Тут уж даже протестовать не стала.
— Остаемся мы! — решил Савран.
И просиял улыбкой счастливой малец его.
— Только на таких условиях — отчет писать буду, по всем закупкам, и мужикам платить сам буду, переплачиваешь ты, хозяюшка, сильно переплачиваешь. По рукам?
Рассмеялась я, хорошо смех мой не слышен был, да и написала:
«По рукам, Савран, домового с золотом пришлю».
И вручив ему список, поторопилась дальше. Дел то еще было невпроворот.
Проснулась я к полудню.
Потянулась телом всем, да и замерла.
Не одна я спала. Не одна вовсе!
Прямо рядом, совсем близехонько, на покрывале то своем, но меня одной рукой к себе прижимая, спал аспид!
И страшен же он был!
Лицо черное, матовое, чешуей мелкой, такой что и не разглядеть, покрыто. Плечи широкие. Рука, что меня поперек живота в плен захватила, могучая. И сам он… страшный, здоровенный и… к непотребствам склонность питающий! С трудом сдержалась от пощечины справедливой! С большим трудом! Да и от скандала правомочного!
Только вот…
Спал аспид. Совсем спал. Ночью то умаялся, та еще ночь была. А воевал-то как, воевал правильно. И с болотниками да болотницами это он хорошо придумал. И двух лесных ведуний виртуозно как захватил. И… и не стала я его будить. Пусть спит. Намаялся.

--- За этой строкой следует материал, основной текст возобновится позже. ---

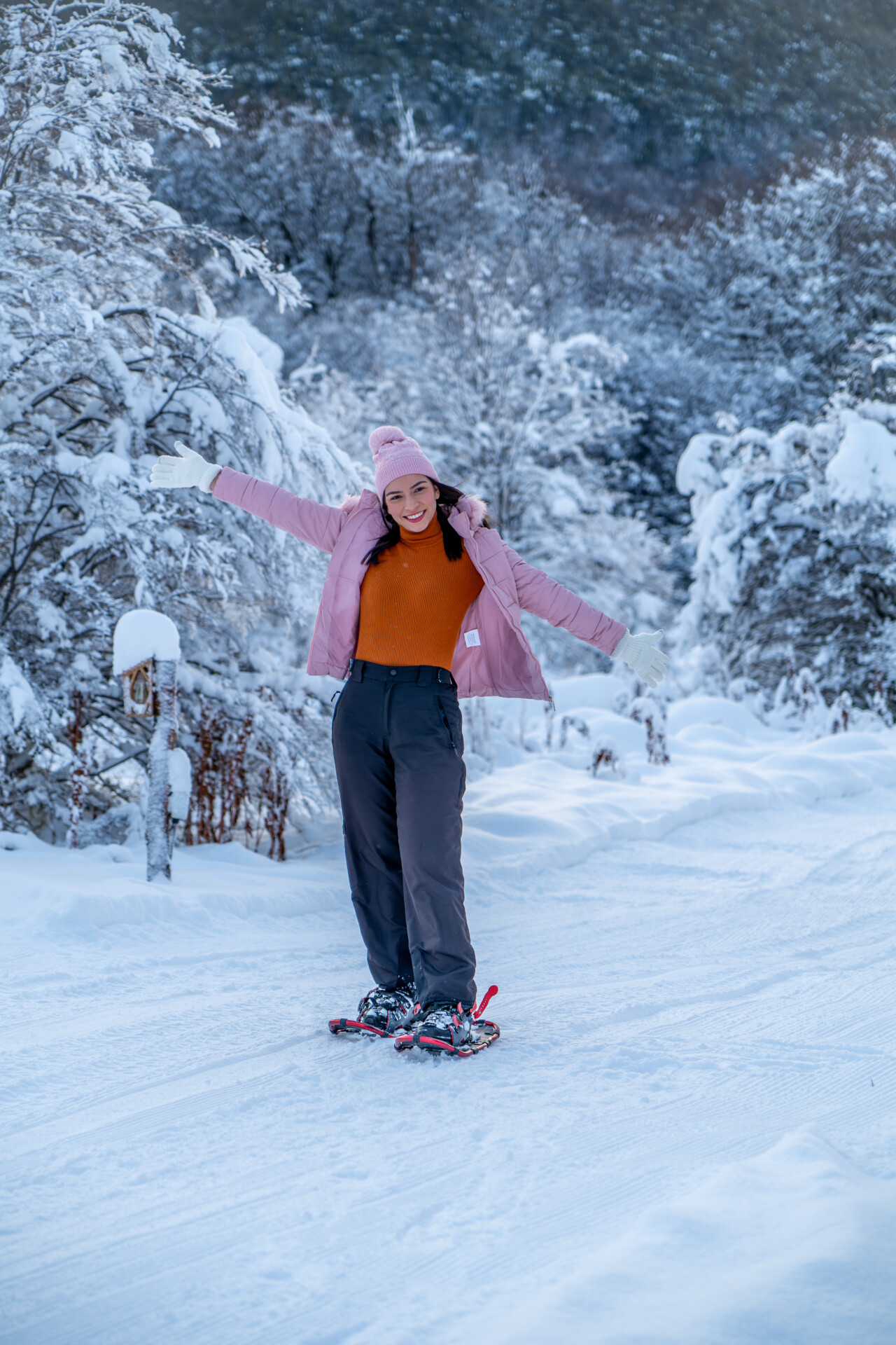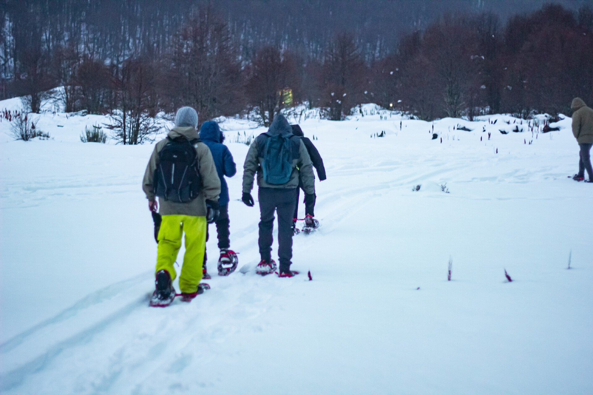Caminhada com Raquetes: Com as raquetes de neve nos pés, começaremos a nossa caminhada pelos bosques, onde os amantes de fotografia terão um cenário majestoso para registrar suas imagens, em

Повернулась на бок, разглядывая чудище-чудовищное диво-дивное.
Надо же — аспид.
Натуральный.
Черный-пречерный. Угольно-матовый. Смотришь вот так — и глазам своим не веришь. Цельный живой аспид…
Только вот чем больше смотрю на него, тем больше… напоминает кого-то. Так то глазу зацепиться не за что, матово-угольная чешуя все черты лица сглаживает, тьмой укрывает, а все равно похож он, на кого-то точно похож… но все никак не могу понять на кого.
И тут аспид глаза открыл.
На меня посмотрел недоуменно, потом на руку свою, что меня поперек живота обхватила, на деревья, снова на меня.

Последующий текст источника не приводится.